Defendant may be arrested.
s. 558, Crim. Pr.

§ 7610. Any party charged with a criminal offense and admitted to bail, may be arrested by his bail at any time before they are finally discharged, and at any place within the terri­tory; or by a written authority indorsed on a certified copy of the recognizance, bond or undertaking, may empower any officer or person of suitable age and discretion, to do so, and he may be surrendered and delivered to the proper sheriff or other officer, before any court, judge or magistrate having the proper jurisdiction in the case; and at the request of such bail, the court, judge or magistrate shall recommit the party so arrested to the custody of the sheriff or other officer, and indorse on the recognizance, bond or undertaking, or certified copy there6f, after notice to the dis­trict attorney, and if no cause to the contrary appear, the dis­charge and exoneration of such bail; and the party so committed shall therefrom be held in custody until discharged by due course of law.

Forfeiture of bail.
s. 559, Crim. Pr.

§ 7611. If, without sufficient excuse, the defendant neglects to appear according to the terms or conditions of the recog­nizance, bond or undertaking, either for hearing, arraignment, trial or judgment, or upon any other occasion when his presence in court or before the magistrate may be lawfully required, or to surrender himself in execution of the judgment, the court must direct the fact to be entered upon its minutes, and the recognizance, bond or undertaking of bail, or the money depos­ited instead of bail, as the case may be, is and shall be thereupon declared forfeited. But, if at any time before the final adjourn­ment of the court, the defendant or his bail appear and satisfacto­rily excuse his neglect, the court may direct the forfeiture to be discharged upon such terms as may be just. After the for­feiture, the district attorney must proceed with all due diligence, by action against the bail upon the instrument so forfeited. If money deposited instead of bail be so forfeited, the clerk of the court or other officer with whom it is deposited, must, immedi­ately after the final adjournment of the court, pay over the money deposited to the county treasurer.

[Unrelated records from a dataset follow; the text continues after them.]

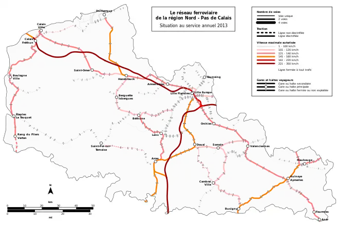 Avec 1 430 kilomètres de lignes[2] (dont la LGV Nord qui relie Arras à Calais en passant par Lille), soit 115 mètres de lignes par km², le TER Nord-Pas-de-Calais représente le réseau le plus dense d'une région française, après l'Île-de-France[9]. On compte 203 gares et points d'arrêts : 121 dans le Nord et 82 dans le Pas-de-Calais. La région est sillonnée par les TGV, Intercités, TERGV, TER, ces deux derniers étant à classe unique.
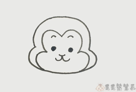 第一步:首先画出小猴子头部的轮廓,头顶圆一点,腮边稍微扁一点。在里面画出脸,上面像是个桃尖,再添上眉毛、眼睛、鼻子和嘴巴
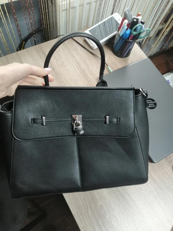Сумка черного цвета. Мягкая, но держит форму. Внутри имеет три отделения за счет посередине кармана. Также есть карман сбоку отдельно, виден на фото. Нова. Є нюанс на руці, при носці не видно. Можно носить на длинной руке, но в наличии нет, при переезде где-то потерялась. Оригинальная и трендовая в этом сезоне. На останньому фото видно нюансы. В цене учтены.
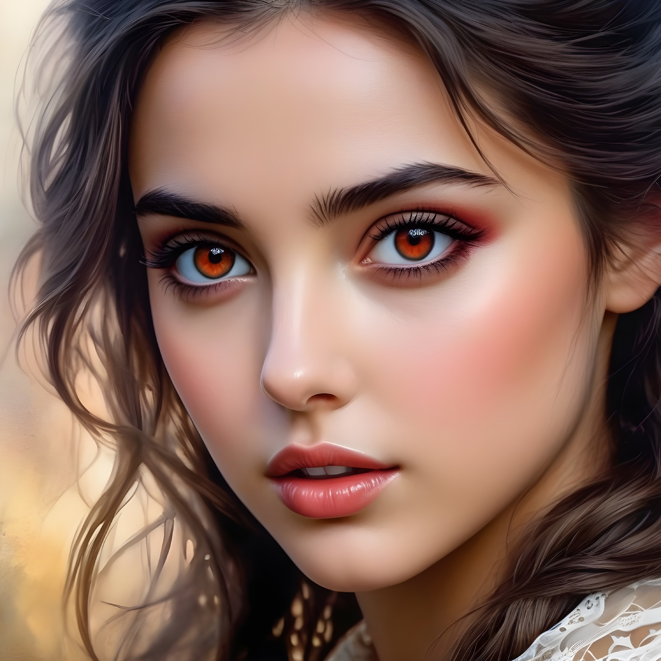 A close-up portrait of a young woman with striking features, featuring a blend of warm and cool tones in her makeup. Her expressive eyes, one brown and the other blue, draw attention against a soft background.
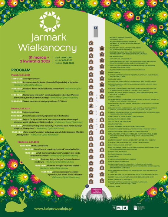 Od piątku do niedzieli w alei kwiatowej będzie odbywać się Szczeciński Jarmark Wielkanocny. Na kilkudziesięciu stoiskach będzie można kupić m.in. wielkanocne ozdoby, pisanki, wianki i koszyczki, tradycyjne wędliny, sery, pieczywo, miody, rękodzieło i wyroby drewniane. Jarmark rozpocznie się w piątek o 12:00. Tego dnia po południu zaplanowano m.in. warsztaty dla dzieci, na których poznają gry i zabawy podwórkowe. W sobotę i niedzielę odbędą się m.in. warsztaty z ozdabiania pisanek i tworzenia palemek. Dzieci będą mogły wcielić się też w poszukiwaczy zaginionych pisanek i stworzyć zajęczą Drużynę Pierścienia. Udział bezpłatny. Szczegóły tutaj
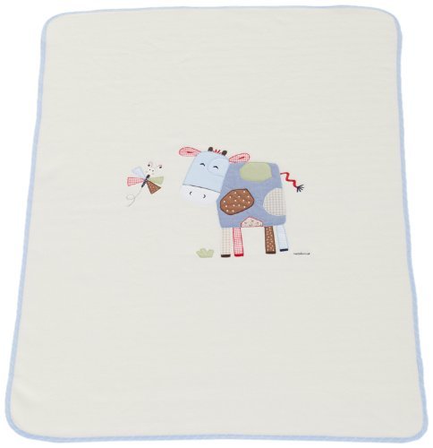 - Cambrass 75 x 110cm 100 Percent Cotton Cellular Blanket with Applique Designer Cow (Collection 74, White/ Blue)
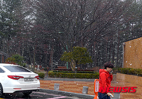 【태백=뉴시스】홍춘봉 기자 = 강원지방기상청은 23일 오후 2시30분을 기해 강릉·양양·속초·고성·인제·홍천·평창 산간에 대설주의보를 발령한 가운데 해발 703m 겨울도시 태백시 청사 일대에 '춘설'이 내리고 있다. 2016.03.23.
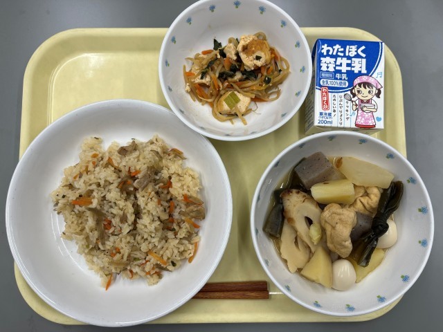 今日の給食は、おでんです。寒い冬にぴったりの献立です。練り物は食べ応えがありますね。
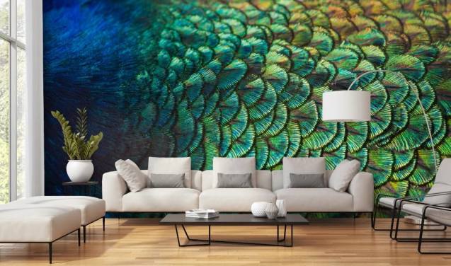 green peacock wallpaper mural called Tropical Green Peacock for bedrooms and living rooms
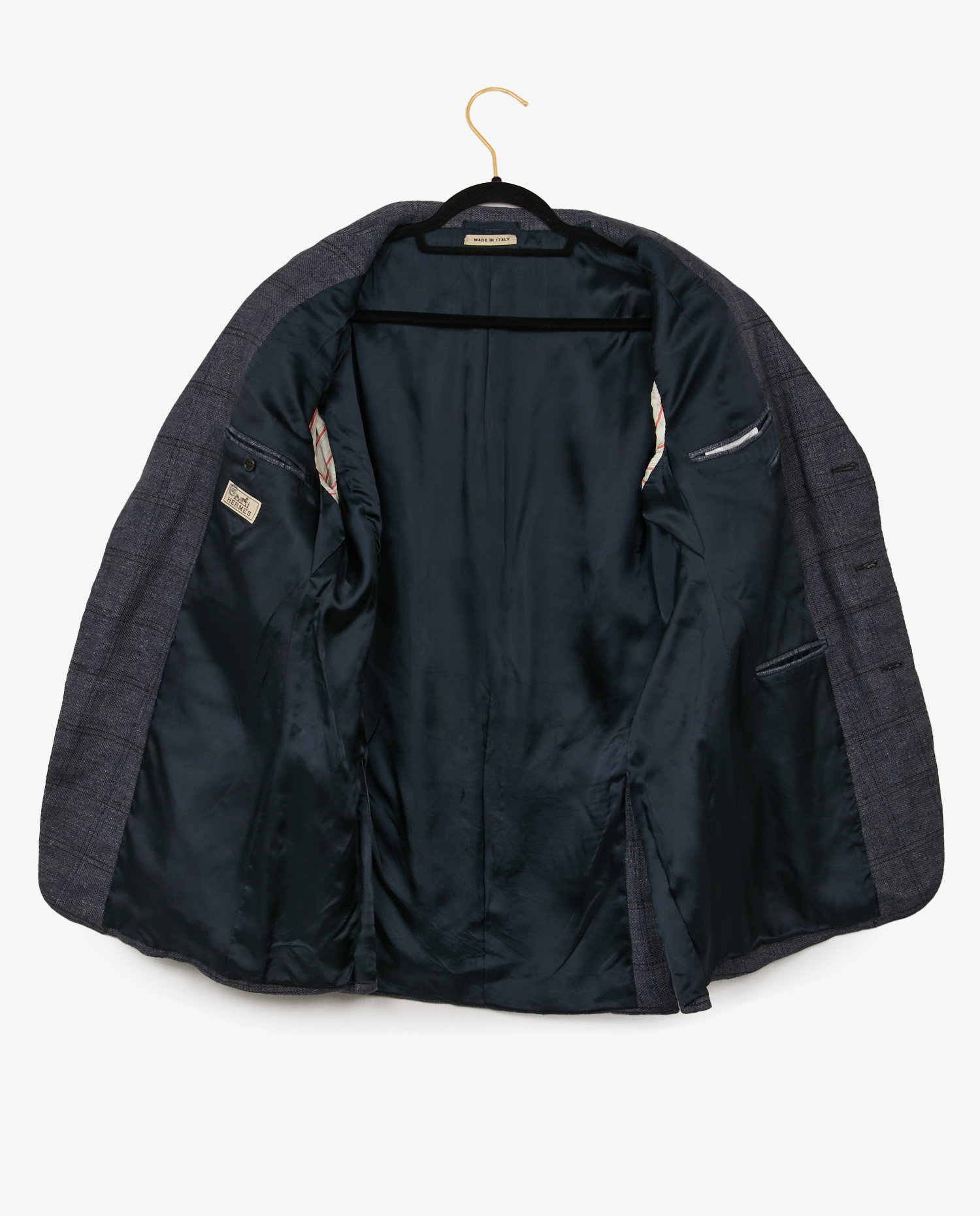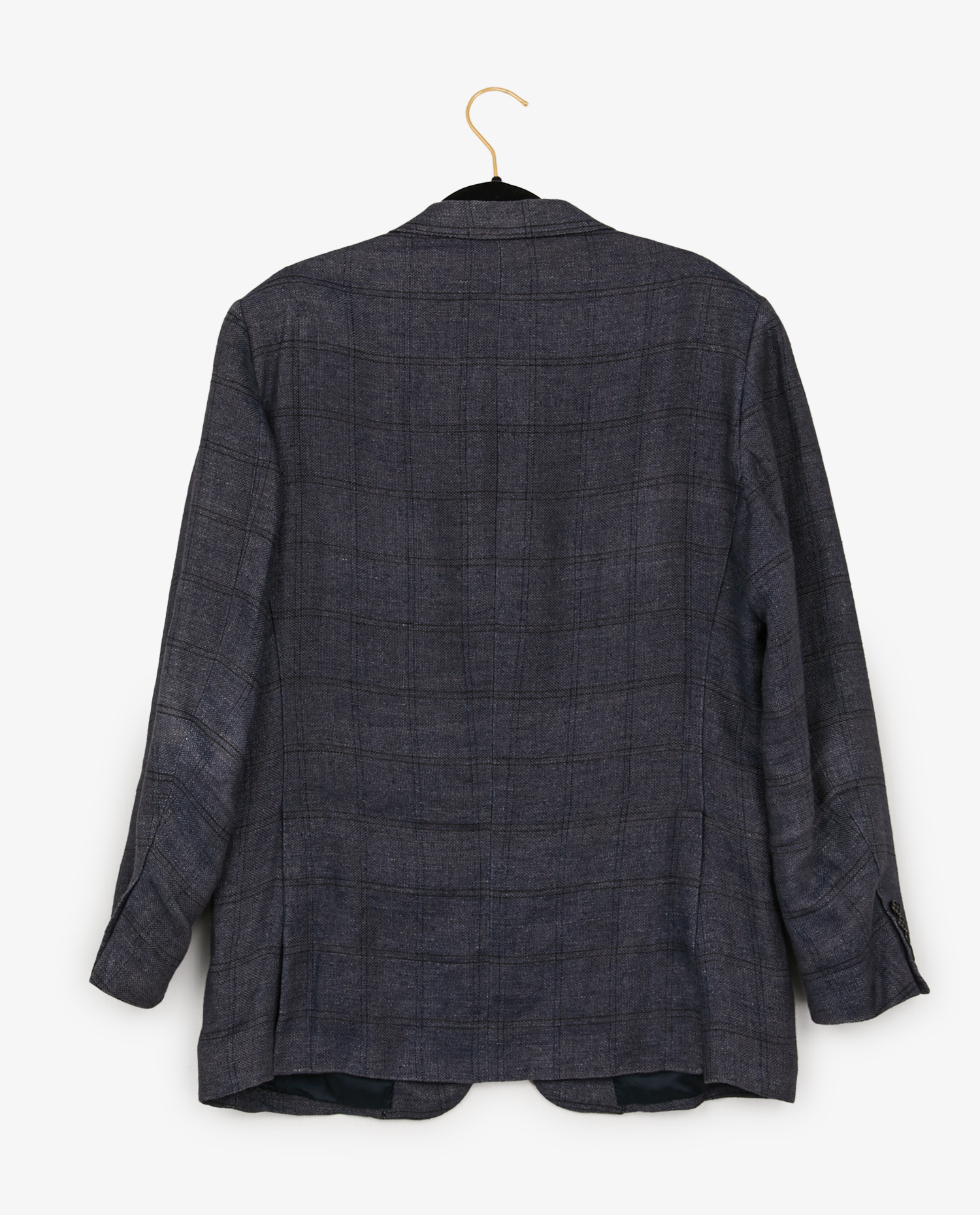 La veste présente un motif prince-de-galles discret en gris-bleuté. Les trois boutons frontaux ton sur ton renforcent la ligne épurée de la pièce. Les poches à rabat sont finement travaillées et la poche poitrine discrète permet d’y glisser un mouchoir ou une pochette. Les épaules sont légèrement structurées sans excès, offrant un tombé naturel et élégant.

Additional security may be demanded.
s. 560, Crim. Pr.

§ 7612. When proof is made to any court, judge or other magistrate having authority to commit on criminal charges, that a person previously admitted to bail on any such charge is about to abscond, or that his bail is insufficient, or has removed from the territory, the judge or magistrate shall require such person to give better security, or for default thereof cause him to be committed to prison; and an order for his arrest may be indorsed on the former commitment, or a new warrant therefor may be issued by such judge or magistrate, setting forth the cause thereof.